There was tension, however,  at the 27 year old mothers bedside with two nurses and two residents in attendance.    She was admitted to the hospital in the early evening holding her 5 month old baby and having extreme difficulty breathing even at rest.  She had very low oxygen levels and her blood pressure was barely detectable.   We had been teaching the residents to use their hand held ultrasound device to evaluate the heart. Together we worked to sort out how each of the valves and chambers and cardiac walls were working.    She had a classic peripartum cardiomyopathy. (Severe failure of pump function on both sides of the heart that develops a month before delivery or within 5 months postpartum).  This zone of Africa is one of the epicenters of the disease.  So many young women throughout Africa and especially in this region do not survive this event but if we can get them through the dangerous period, 1/3 have complete recovery and 1/3 have moderate recovery.

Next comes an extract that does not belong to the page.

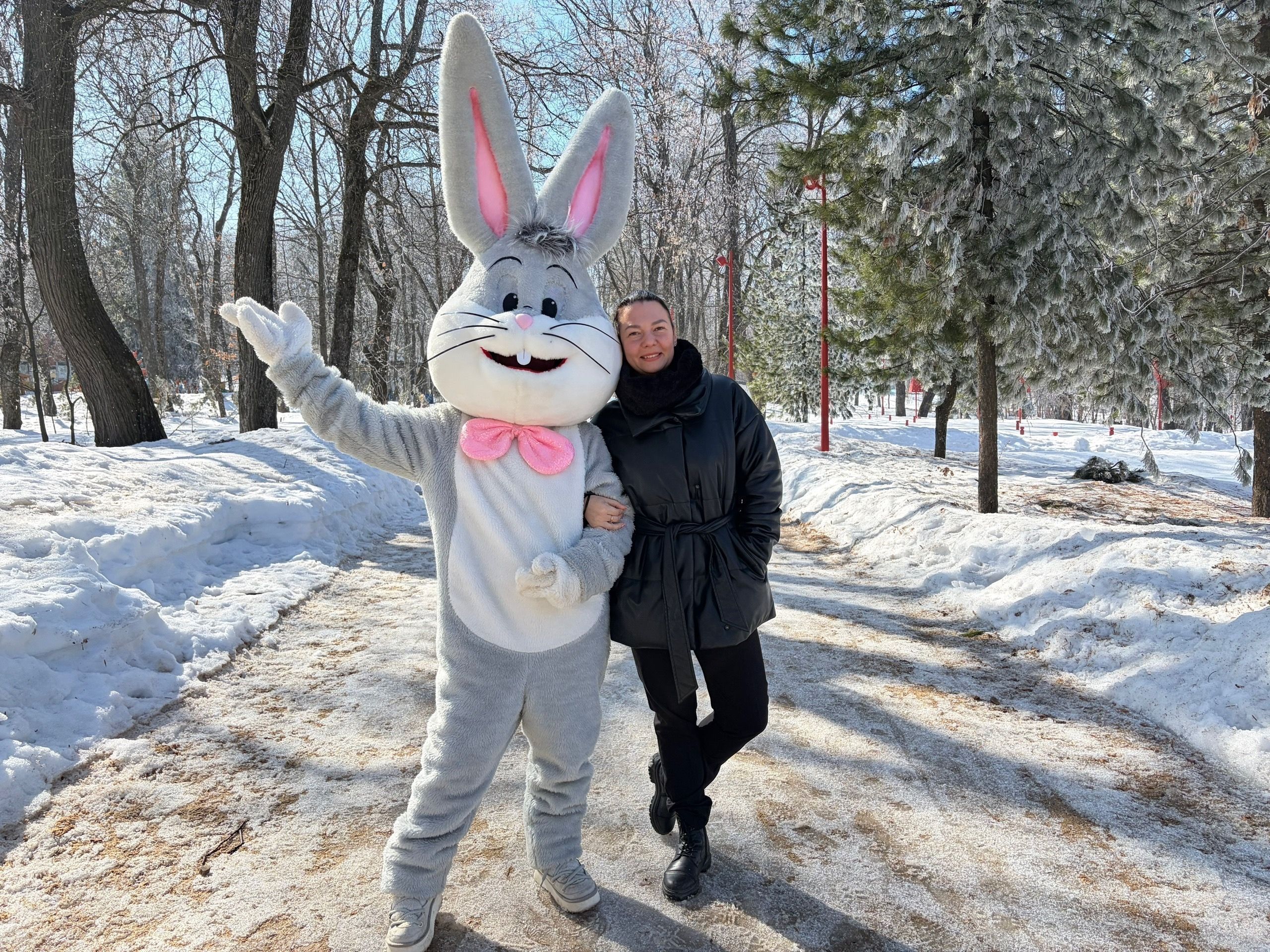 И дети, и взрослые были очень рады встрече с ним — улыбки и смех звучали повсюду. Люди охотно обнимали Зайку, даря ему свою любовь и радость, а он в ответ щедро делился своим теплом и хорошим настроением.

Throughout the two training weeks I was at Mbingo Hospital we had three severe peripartum cardiomyopathy patients and all the residents learned how to make accurate diagnosis with the ultrasound device and most importantly the subtleties of when to use certain cardiac medications and the order to start them, usually ending up with the patients on 5 medications carefully balanced.   We have all the proper medication here (generics) with the newer versions used in highly developed countries slightly more effective but very expensive.  My input and training for these 3 women made a difference and the trip would be worthwhile for these cases alone but most importantly, the residents are now expert in this disease presentation and the multiplying effect as they additionally care for patients and share their new expertise is what we strive for.  Below is a picture of this mother and child (with permission for teaching).   The other two women did well and were also up walking around the wards before I left.  This  case represents one of many different cardiac diseases with diagnostic and management teaching opportunities that the residents will use lifelong.

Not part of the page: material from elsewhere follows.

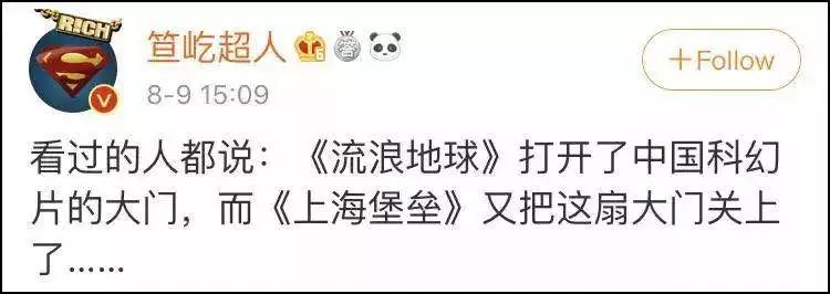 更有网友批判,《流浪地球》打开了中国科幻的一扇门,《上海堡垒》又给关上了。

Leprosy village on the hospital grounds from the old days of multiyear treatment, now cured in 6 months of Rx.  Housing is mainly used now by hospital workers but we see many people around with leprosy damage.

I was asked  "Don't just send pictures on patient's, send some pictures of you guys".     This is the guest hostel.  I am smiling because I am done lecturing (frequently 2 lectures a day) and done with ward and consult teaching.   No Colleen in this picture----this hospital was in a US Embassy no travel zone and no help available for American citizens, so we decided to only have one parent/grandparent on this trip.  I started to write up the security events that happened and planned to share the email after I was back, but changed to I'll let you know in person if requested.  I have great concern for the Cameroonian  hospital leadership l left behind.   I was able to debrief and counsel a number of people that were traumatized during those two weeks. 

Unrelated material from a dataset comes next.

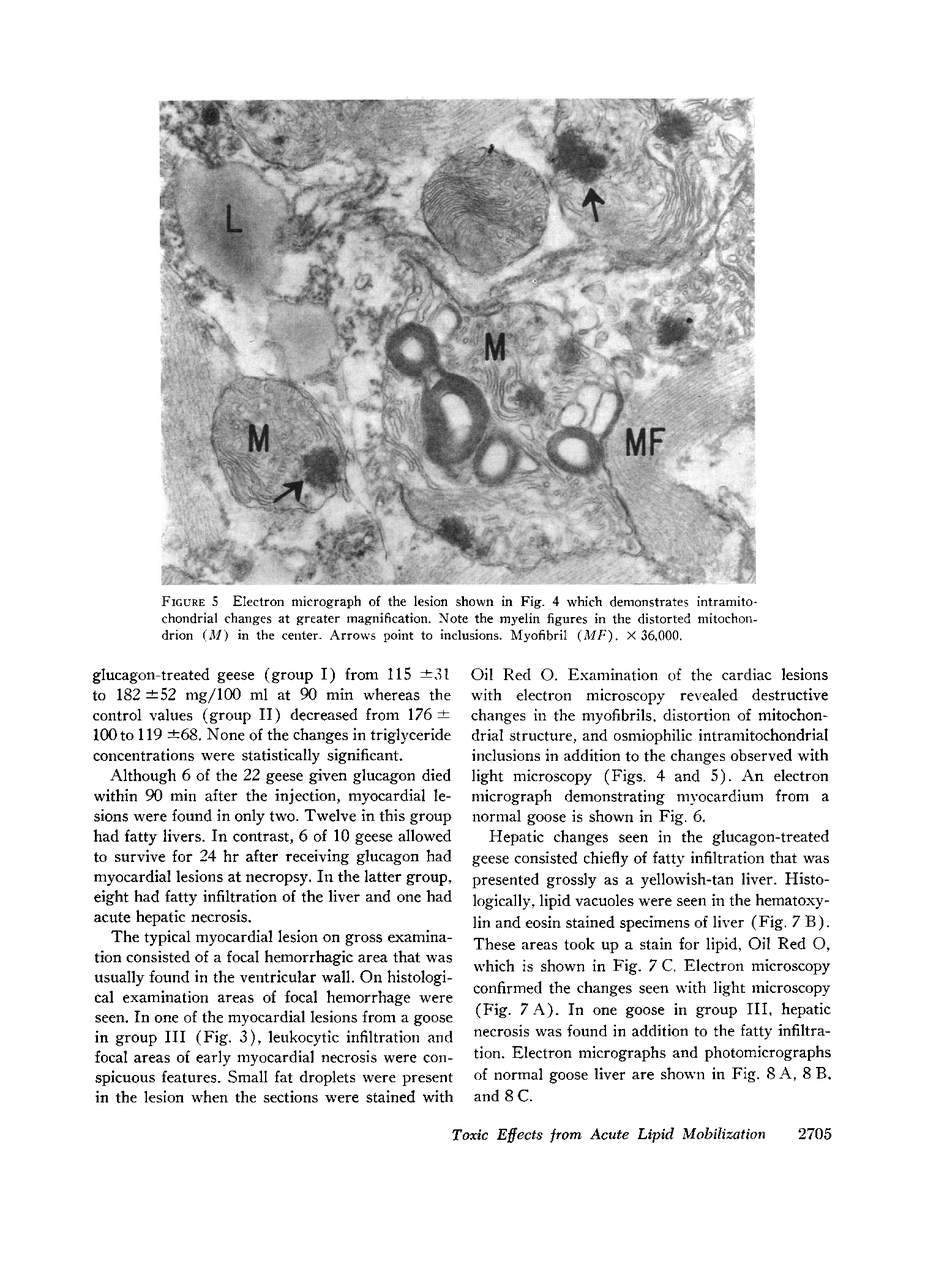 The toxic effects associated with rapid lipid mobilization and a high plasma free fatty acid (FFA) concentration produced by glucagon were evaluated. Glucagon (0.5 mg/kg of body wt) was injected intravenously into nonfasting geese. The geese developed rapid respirations and high plasma FFA levels within 15 min after the glucagon injection; three of eleven died. Control geese, injected with saline, did not exhibit toxic signs. Peak FFA concentrations developed 15 min after glucagon and high levels persisted for over 90 min. Geese injected with glucagon frequently developed electrocardiographic abnormalities that included supraventricular tachycardia, premature ventricular contractions, and signs of myocardial ischemia. Light and electron microscopy revealed acute myocardial degeneration and fatty infiltration of the liver. The increase in plasma FFA concentrations and toxic effects were not prevented by pretreatment with nicotinic acid or propranolol.

Included below is one of the many houses Colleen has contributed to building for very special nationals with decades of selfless service and no place to stay without rent ( 1/3 of their $80/month pay) or for a pre-retirement home as in this case.    The lady in the picture who we have known for 14 years will live here with her daughter and grandson.   The small amount that I brought with me will allow her to put ceilings in the house and bring gravity flow water to the kitchen and bathroom and then they will move in.

The three of them have spent the last 20 years in a 12 ft X 14 foot space on the hospital site despite her being the onsite hostel caretaker, cook, and mamma to the visiting nurses, technicians and docs and doing her role with such love and skill.    We help many  at the places we work overseas in small ways who are special in their roles but not recognized by the hospital for their special and competent roles but only a small group of unique people get partial support to build a house of their own.  

The market across from the hospital.  Everything you need (except shampoo, diet coke, and potato chips much to my distress!!)

There is enough fresh food and basic items that one could live at Mbingo Hospital and never need to shop in the big city one hours drive to our south.

Lots of stories to share with you, and looking forward to catching up on your lives.   I'll be home in a few days.   I am in the capital of Cameroon, Yaounde, and out of the embassy no travel zone and very safe.